*Your assignment*: No pictures belong in the copy. Retype exactly, and only, the stretch of lines below from the one with "- User-Friendly Design: The" through the one with "Доля членов религиозных".

*Data for analysis*:
:::
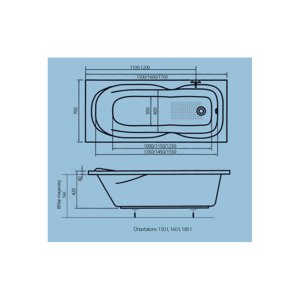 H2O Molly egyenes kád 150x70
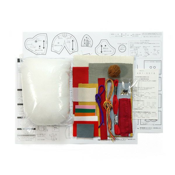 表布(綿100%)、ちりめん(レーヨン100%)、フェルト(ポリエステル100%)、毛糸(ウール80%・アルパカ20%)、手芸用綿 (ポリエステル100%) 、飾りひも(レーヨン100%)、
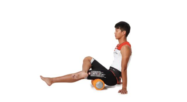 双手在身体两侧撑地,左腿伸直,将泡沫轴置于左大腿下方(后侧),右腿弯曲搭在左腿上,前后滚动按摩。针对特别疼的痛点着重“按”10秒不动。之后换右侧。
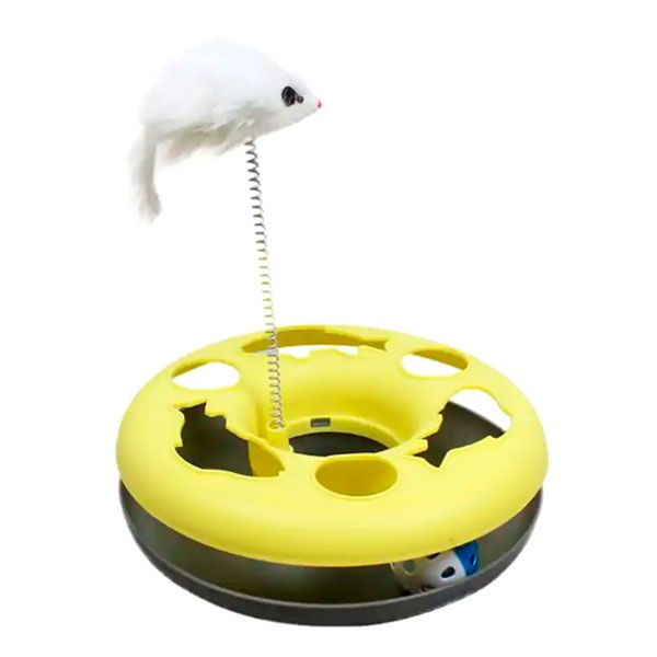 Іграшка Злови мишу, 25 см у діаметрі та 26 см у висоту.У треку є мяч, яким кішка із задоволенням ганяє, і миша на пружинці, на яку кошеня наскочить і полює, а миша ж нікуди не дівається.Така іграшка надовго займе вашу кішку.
:::
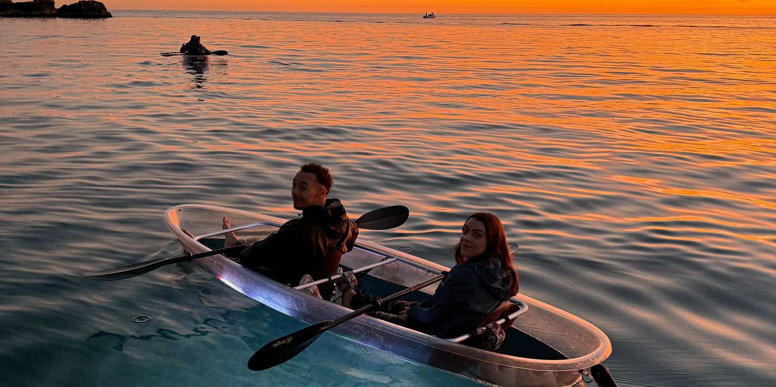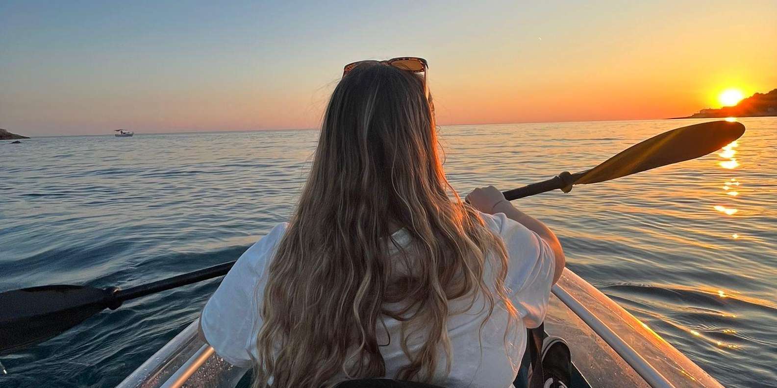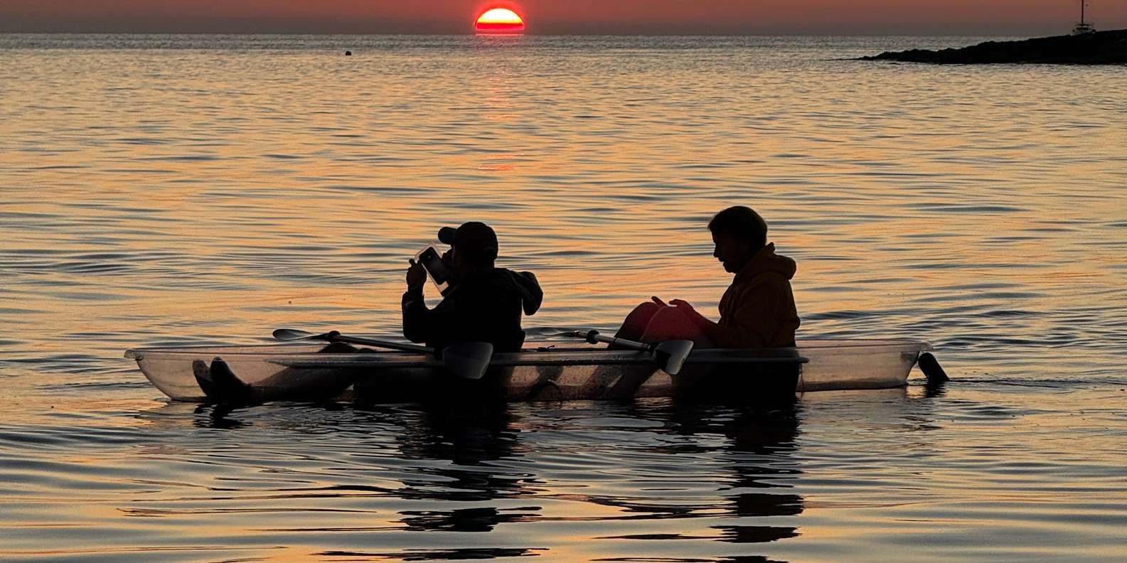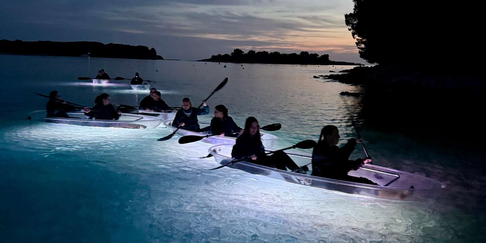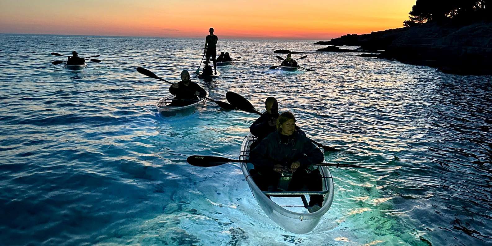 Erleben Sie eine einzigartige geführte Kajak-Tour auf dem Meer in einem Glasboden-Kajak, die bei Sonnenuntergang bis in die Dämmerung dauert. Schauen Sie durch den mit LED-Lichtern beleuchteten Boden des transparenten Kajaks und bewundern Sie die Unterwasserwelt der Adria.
:::
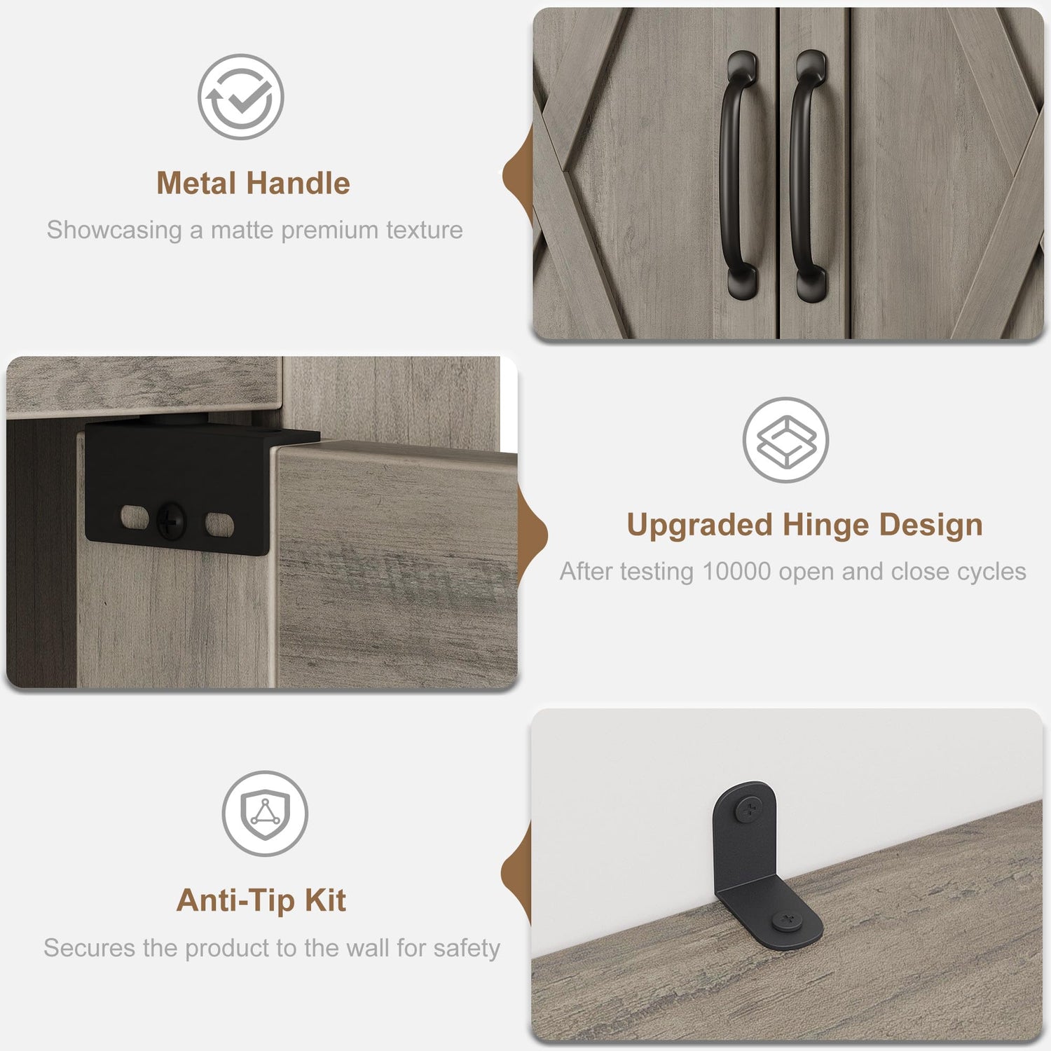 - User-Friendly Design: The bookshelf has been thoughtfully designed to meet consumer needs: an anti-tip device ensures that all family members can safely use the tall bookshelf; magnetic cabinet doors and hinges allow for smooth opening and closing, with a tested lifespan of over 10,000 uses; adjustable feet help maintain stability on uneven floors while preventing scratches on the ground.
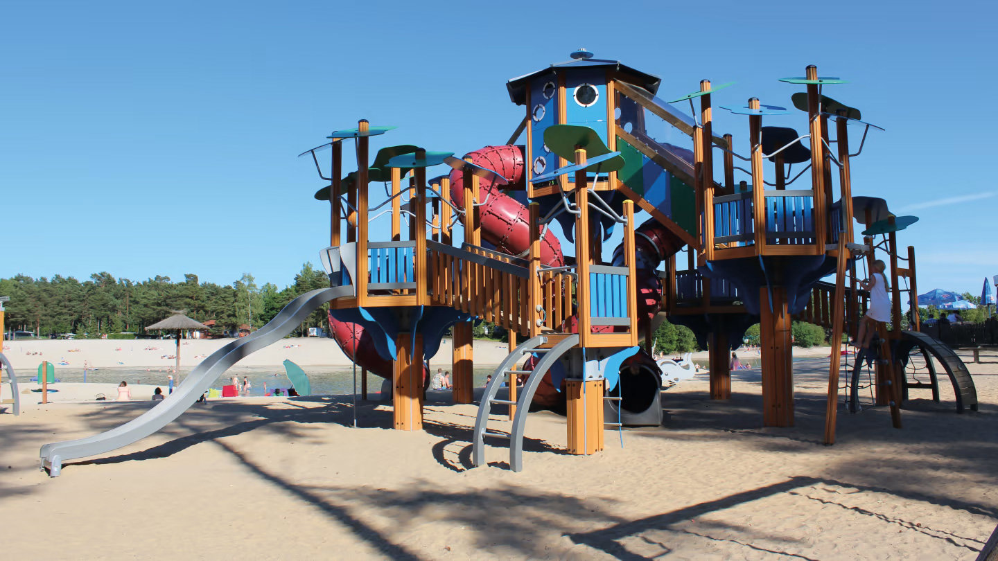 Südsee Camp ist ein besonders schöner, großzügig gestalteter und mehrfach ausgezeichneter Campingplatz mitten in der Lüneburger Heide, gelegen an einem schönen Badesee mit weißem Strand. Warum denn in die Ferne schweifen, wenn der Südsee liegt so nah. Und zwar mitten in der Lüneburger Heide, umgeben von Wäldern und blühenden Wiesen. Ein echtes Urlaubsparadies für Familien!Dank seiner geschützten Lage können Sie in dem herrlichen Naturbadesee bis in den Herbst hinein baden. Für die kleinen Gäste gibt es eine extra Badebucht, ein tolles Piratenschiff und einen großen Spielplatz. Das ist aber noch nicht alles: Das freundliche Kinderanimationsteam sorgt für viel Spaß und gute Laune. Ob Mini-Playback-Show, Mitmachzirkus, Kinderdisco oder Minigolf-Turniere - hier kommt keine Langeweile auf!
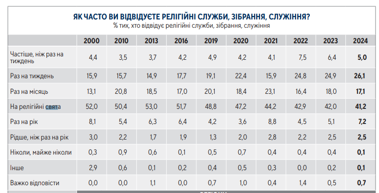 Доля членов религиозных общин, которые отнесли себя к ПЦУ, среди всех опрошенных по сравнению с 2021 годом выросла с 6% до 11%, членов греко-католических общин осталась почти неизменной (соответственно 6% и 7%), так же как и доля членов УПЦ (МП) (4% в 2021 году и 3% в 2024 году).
:::
*Your response*:
 - User-Friendly Design: The bookshelf has been thoughtfully designed to meet consumer needs: an anti-tip device ensures that all family members can safely use the tall bookshelf; magnetic cabinet doors and hinges allow for smooth opening and closing, with a tested lifespan of over 10,000 uses; adjustable feet help maintain stability on uneven floors while preventing scratches on the ground.
 Südsee Camp ist ein besonders schöner, großzügig gestalteter und mehrfach ausgezeichneter Campingplatz mitten in der Lüneburger Heide, gelegen an einem schönen Badesee mit weißem Strand. Warum denn in die Ferne schweifen, wenn der Südsee liegt so nah. Und zwar mitten in der Lüneburger Heide, umgeben von Wäldern und blühenden Wiesen. Ein echtes Urlaubsparadies für Familien!Dank seiner geschützten Lage können Sie in dem herrlichen Naturbadesee bis in den Herbst hinein baden. Für die kleinen Gäste gibt es eine extra Badebucht, ein tolles Piratenschiff und einen großen Spielplatz. Das ist aber noch nicht alles: Das freundliche Kinderanimationsteam sorgt für viel Spaß und gute Laune. Ob Mini-Playback-Show, Mitmachzirkus, Kinderdisco oder Minigolf-Turniere - hier kommt keine Langeweile auf!
 Доля членов религиозных общин, которые отнесли себя к ПЦУ, среди всех опрошенных по сравнению с 2021 годом выросла с 6% до 11%, членов греко-католических общин осталась почти неизменной (соответственно 6% и 7%), так же как и доля членов УПЦ (МП) (4% в 2021 году и 3% в 2024 году).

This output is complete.